Exercise objective:
Repeat every record exactly, omitting the pictures.

Items from a data source:
Content starts

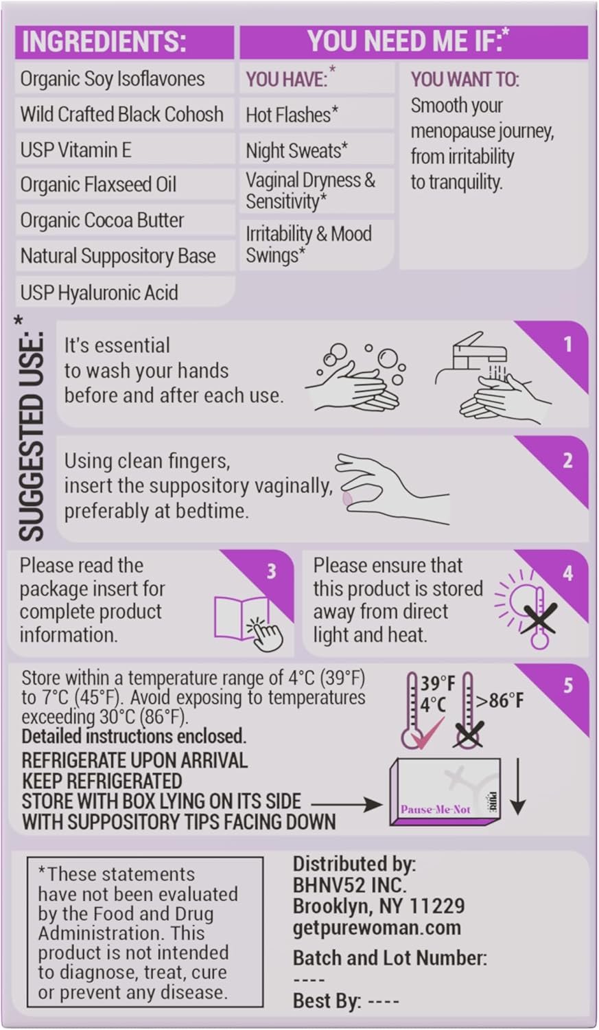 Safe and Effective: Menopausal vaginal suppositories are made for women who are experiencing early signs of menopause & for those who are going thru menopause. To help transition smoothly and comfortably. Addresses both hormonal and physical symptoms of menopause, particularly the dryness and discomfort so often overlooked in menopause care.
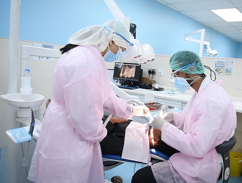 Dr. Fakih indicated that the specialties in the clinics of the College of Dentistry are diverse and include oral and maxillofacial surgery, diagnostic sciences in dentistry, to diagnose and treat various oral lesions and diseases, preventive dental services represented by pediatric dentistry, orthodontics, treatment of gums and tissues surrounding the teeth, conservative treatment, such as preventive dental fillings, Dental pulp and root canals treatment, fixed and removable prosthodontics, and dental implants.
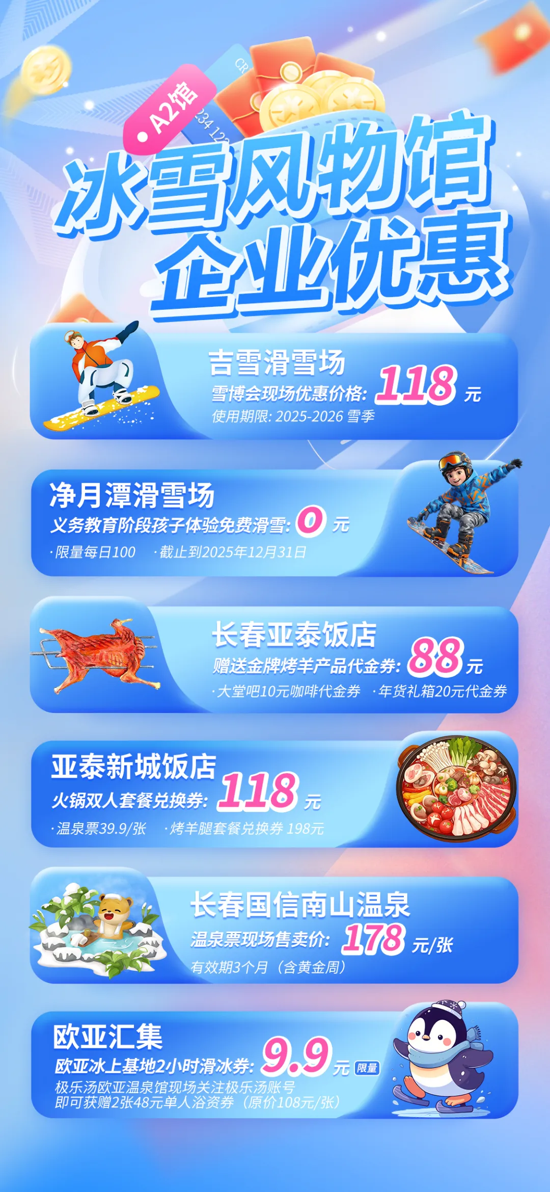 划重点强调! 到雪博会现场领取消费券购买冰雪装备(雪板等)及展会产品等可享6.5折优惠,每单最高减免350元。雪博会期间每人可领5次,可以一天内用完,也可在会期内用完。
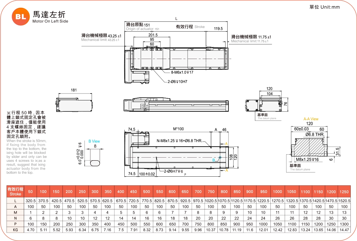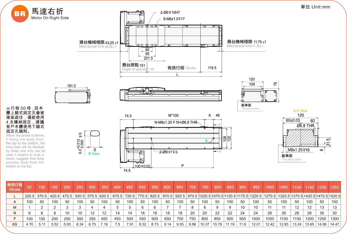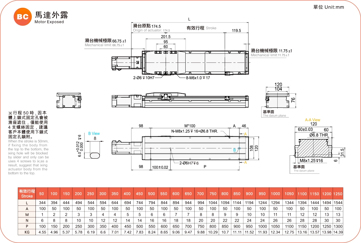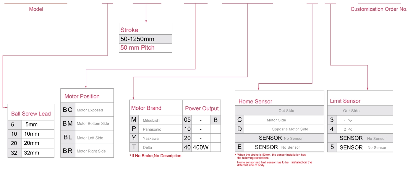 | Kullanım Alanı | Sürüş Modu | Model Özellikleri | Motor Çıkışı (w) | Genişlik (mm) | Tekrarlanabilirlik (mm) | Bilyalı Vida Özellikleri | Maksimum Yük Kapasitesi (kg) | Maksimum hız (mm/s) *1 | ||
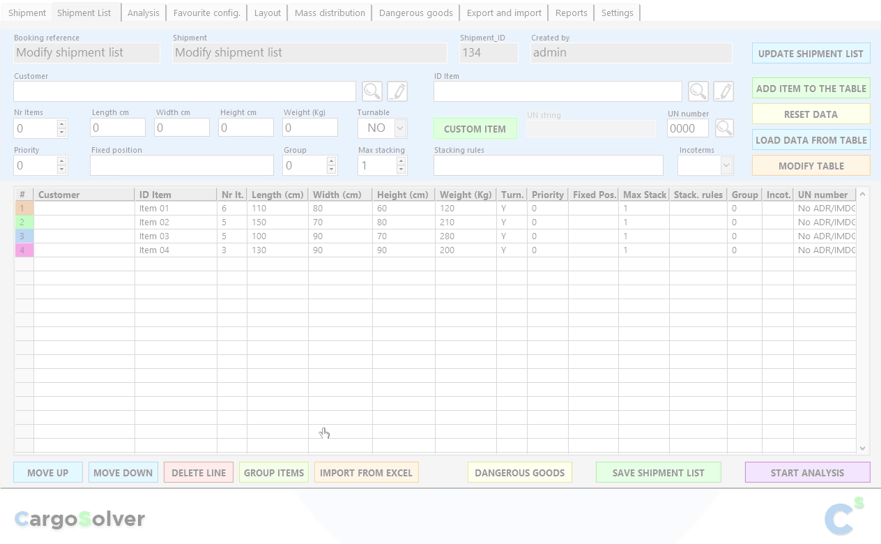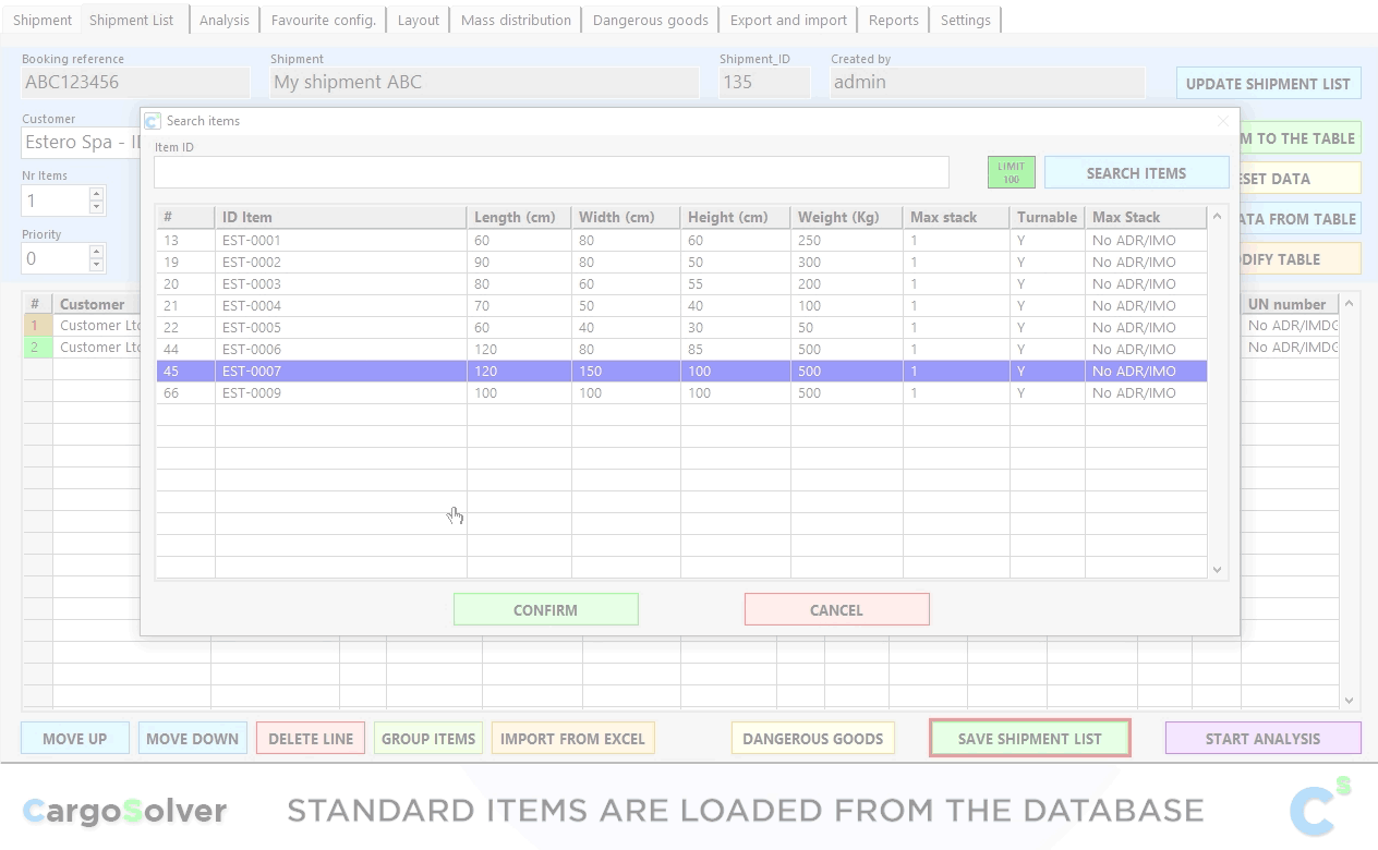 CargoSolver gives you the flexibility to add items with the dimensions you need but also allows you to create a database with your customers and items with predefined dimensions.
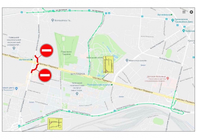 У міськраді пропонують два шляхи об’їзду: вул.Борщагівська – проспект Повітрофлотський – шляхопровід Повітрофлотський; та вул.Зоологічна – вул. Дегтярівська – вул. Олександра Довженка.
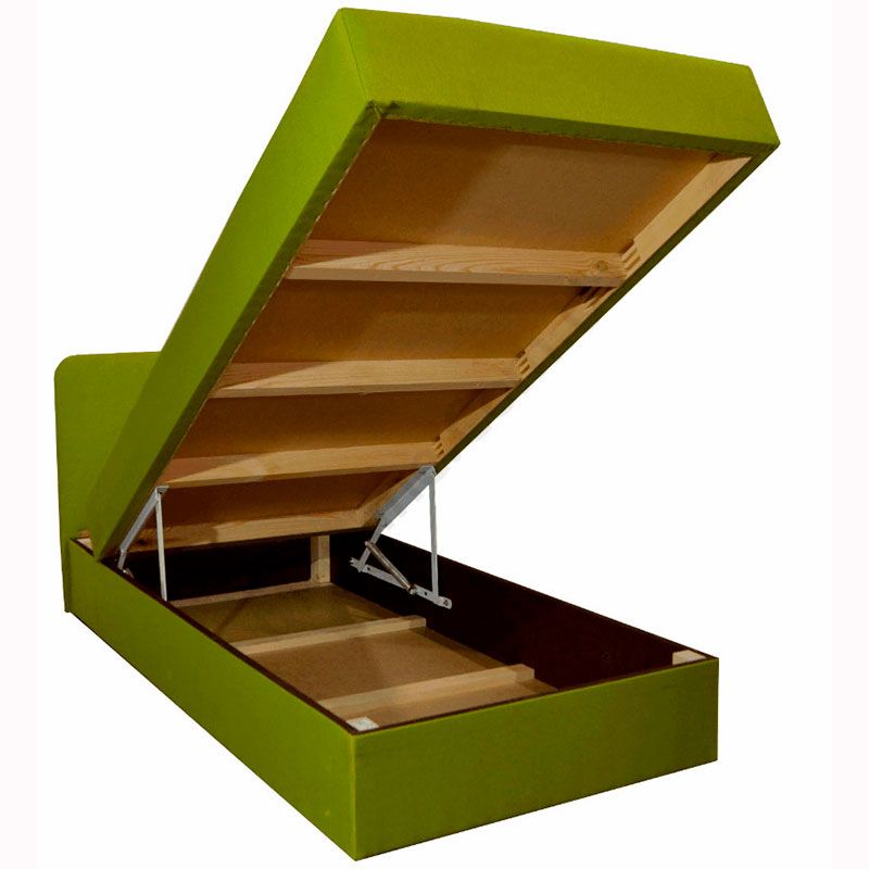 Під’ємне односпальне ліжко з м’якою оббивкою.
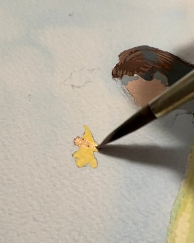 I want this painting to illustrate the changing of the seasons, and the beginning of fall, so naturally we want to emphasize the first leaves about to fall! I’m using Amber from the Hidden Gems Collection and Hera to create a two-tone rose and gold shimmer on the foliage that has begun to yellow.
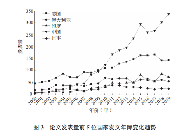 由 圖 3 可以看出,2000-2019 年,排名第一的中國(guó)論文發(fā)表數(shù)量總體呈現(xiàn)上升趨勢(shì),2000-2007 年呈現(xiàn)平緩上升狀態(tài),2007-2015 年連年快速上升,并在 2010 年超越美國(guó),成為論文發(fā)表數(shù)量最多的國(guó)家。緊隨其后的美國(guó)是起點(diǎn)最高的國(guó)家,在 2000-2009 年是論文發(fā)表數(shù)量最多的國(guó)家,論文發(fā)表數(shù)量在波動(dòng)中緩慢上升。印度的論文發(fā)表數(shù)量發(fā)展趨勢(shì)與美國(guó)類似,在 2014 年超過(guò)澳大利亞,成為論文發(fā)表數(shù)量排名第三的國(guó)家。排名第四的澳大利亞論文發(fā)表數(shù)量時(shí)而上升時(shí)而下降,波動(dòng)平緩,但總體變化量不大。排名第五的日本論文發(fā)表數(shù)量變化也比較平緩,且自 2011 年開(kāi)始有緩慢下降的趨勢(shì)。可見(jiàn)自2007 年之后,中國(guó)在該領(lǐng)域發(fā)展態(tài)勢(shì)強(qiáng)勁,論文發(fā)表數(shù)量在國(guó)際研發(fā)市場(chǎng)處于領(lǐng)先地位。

Content ends

Task answer:
 Safe and Effective: Menopausal vaginal suppositories are made for women who are experiencing early signs of menopause & for those who are going thru menopause. To help transition smoothly and comfortably. Addresses both hormonal and physical symptoms of menopause, particularly the dryness and discomfort so often overlooked in menopause care.
 Dr. Fakih indicated that the specialties in the clinics of the College of Dentistry are diverse and include oral and maxillofacial surgery, diagnostic sciences in dentistry, to diagnose and treat various oral lesions and diseases, preventive dental services represented by pediatric dentistry, orthodontics, treatment of gums and tissues surrounding the teeth, conservative treatment, such as preventive dental fillings, Dental pulp and root canals treatment, fixed and removable prosthodontics, and dental implants.
 划重点强调! 到雪博会现场领取消费券购买冰雪装备(雪板等)及展会产品等可享6.5折优惠,每单最高减免350元。雪博会期间每人可领5次,可以一天内用完,也可在会期内用完。
 | Kullanım Alanı | Sürüş Modu | Model Özellikleri | Motor Çıkışı (w) | Genişlik (mm) | Tekrarlanabilirlik (mm) | Bilyalı Vida Özellikleri | Maksimum Yük Kapasitesi (kg) | Maksimum hız (mm/s) *1 | ||
 CargoSolver gives you the flexibility to add items with the dimensions you need but also allows you to create a database with your customers and items with predefined dimensions.
 У міськраді пропонують два шляхи об’їзду: вул.Борщагівська – проспект Повітрофлотський – шляхопровід Повітрофлотський; та вул.Зоологічна – вул. Дегтярівська – вул. Олександра Довженка.
 Під’ємне односпальне ліжко з м’якою оббивкою.
 I want this painting to illustrate the changing of the seasons, and the beginning of fall, so naturally we want to emphasize the first leaves about to fall! I’m using Amber from the Hidden Gems Collection and Hera to create a two-tone rose and gold shimmer on the foliage that has begun to yellow.
 由 圖 3 可以看出,2000-2019 年,排名第一的中國(guó)論文發(fā)表數(shù)量總體呈現(xiàn)上升趨勢(shì),2000-2007 年呈現(xiàn)平緩上升狀態(tài),2007-2015 年連年快速上升,并在 2010 年超越美國(guó),成為論文發(fā)表數(shù)量最多的國(guó)家。緊隨其后的美國(guó)是起點(diǎn)最高的國(guó)家,在 2000-2009 年是論文發(fā)表數(shù)量最多的國(guó)家,論文發(fā)表數(shù)量在波動(dòng)中緩慢上升。印度的論文發(fā)表數(shù)量發(fā)展趨勢(shì)與美國(guó)類似,在 2014 年超過(guò)澳大利亞,成為論文發(fā)表數(shù)量排名第三的國(guó)家。排名第四的澳大利亞論文發(fā)表數(shù)量時(shí)而上升時(shí)而下降,波動(dòng)平緩,但總體變化量不大。排名第五的日本論文發(fā)表數(shù)量變化也比較平緩,且自 2011 年開(kāi)始有緩慢下降的趨勢(shì)。可見(jiàn)自2007 年之后,中國(guó)在該領(lǐng)域發(fā)展態(tài)勢(shì)強(qiáng)勁,論文發(fā)表數(shù)量在國(guó)際研發(fā)市場(chǎng)處于領(lǐng)先地位。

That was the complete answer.